Jobs use the same mechanism as described for the *Variables* above. 
So, if an :jobtype:`Auto-picking` job depends on its micrographs STAR file input on a :jobtype:`CTF estimation` job called `ctffind`, and this :jobtype:`CTF estimation` job is part of a *Scheme* called ``prep``, then the micrographs STAR file input for the :jobtype:`Auto-picking` job should be set to ``Schemes/prep/ctffind/micrographs_ctf.star``, and this will be converted to ``CtfFind/job003/micrographs_ctf.star`` upon execution of the job. 
In addition, a corresponding edge will be added to the ``default_pipeliner.star`` upon execution of the *Scheme*. 
Also note that parameters in ``job.star`` files may be updated with the current values of *Variables* from the *Scheme* by using the ``$$`` prefix, followed by the name of the corresponding *Variable*, as also mentioned above.

In addition, the `JobMode` needs to be chosen from options: ``new`` or ``continue``.
Typically, in on-the-fly-processing procedures that iterate over ever more movies, jobs like :jobtype:`Import`, :jobtype:`Motion correction`, :jobtype:`CTF estimation`, :jobtype:`Auto-picking` and :jobtype:`Particle extraction` are set as ``continue``, whereas most other jobs are set as ``new``.

Finally, once all the *Variables*, *Operators* and *Jobs* are in place, one should define all the *Edges* between them.

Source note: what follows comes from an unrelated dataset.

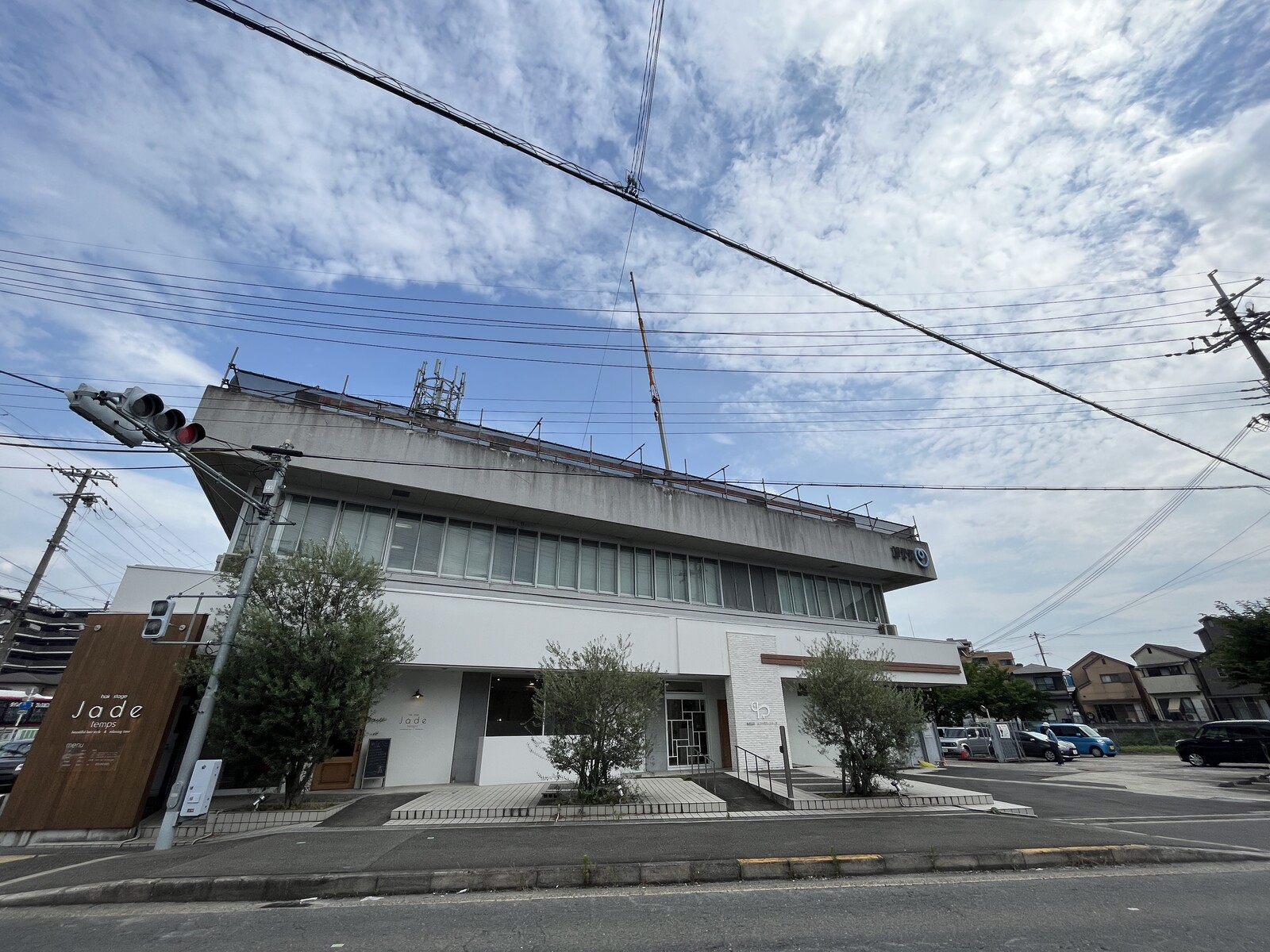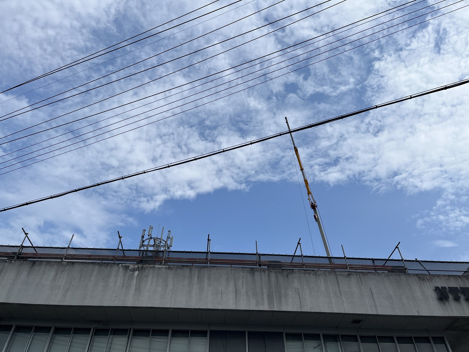 ガストの前にあるNTT西日本の建物(GoogleマップだとNTT西日本 交野電話交換所と出てました)のところに大きなクレーンが1台出現。
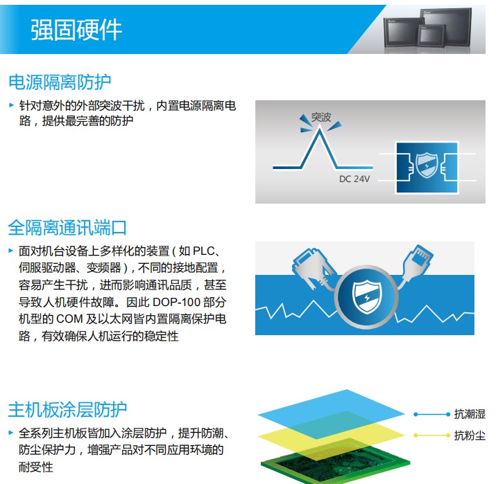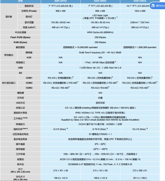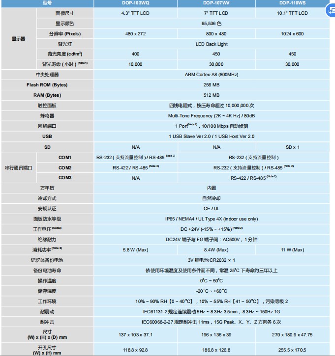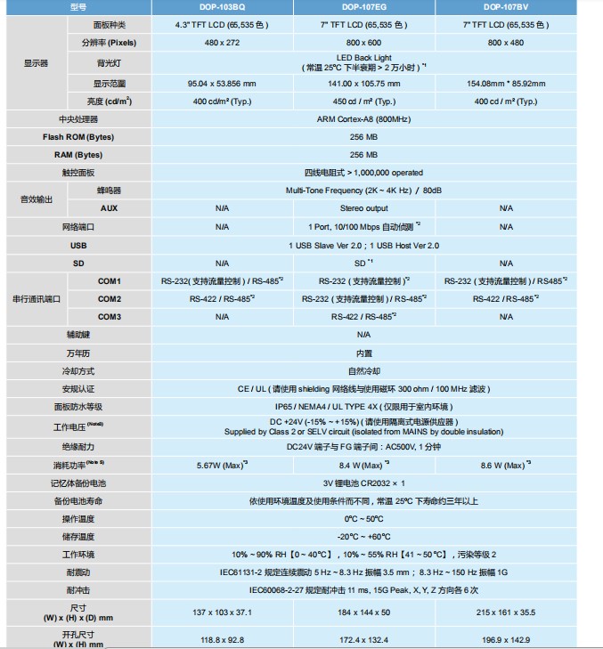 HMI DOP-107WV 7"/分辨率800x480/U盘/打印机/鼠标/集成以太网/窄边框, 高亮度大于400流明,COM1:RS232, COM2:RS-232/485, COM3:RS-422/485,

The *Scheme* will be initialised (and reset) to the left-hand *Node* of the first defined *Edge*.
If the *Scheme* is not an infinite loop, it is recommended to add the ``exit`` *Operator* as the last *Node*.

Once a *Scheme* has been created, it may be useful for more than one |RELION| project.
Therefore, you may want to store it in a tar-ball:

::

    tar -zcvf preprocess_scheme.tar.gz Schemes/preprocess


That tar-ball can then be extracted in any new |RELION| project directory:

::

    tar -zxvf preprocess_scheme.tar.gz


.. _sec_execute_schemes:

Executing a *Scheme*
^^^^^^^^^^^^^^^^^^^^^^

Once you have created the Scheme/name/ (sub)directories (with "name" being the name of your scheme), you can launch a separate GUI using:


::

    relion_schemegui.py name


You can start, stop, change parameters, and restart the scheme from there. You can also look into this python script to see the actual calls it makes to relion_schemer, which is the command line program that executes the scheme. While it runs, you can then follow the generation of new jobs in the normal relion GUI.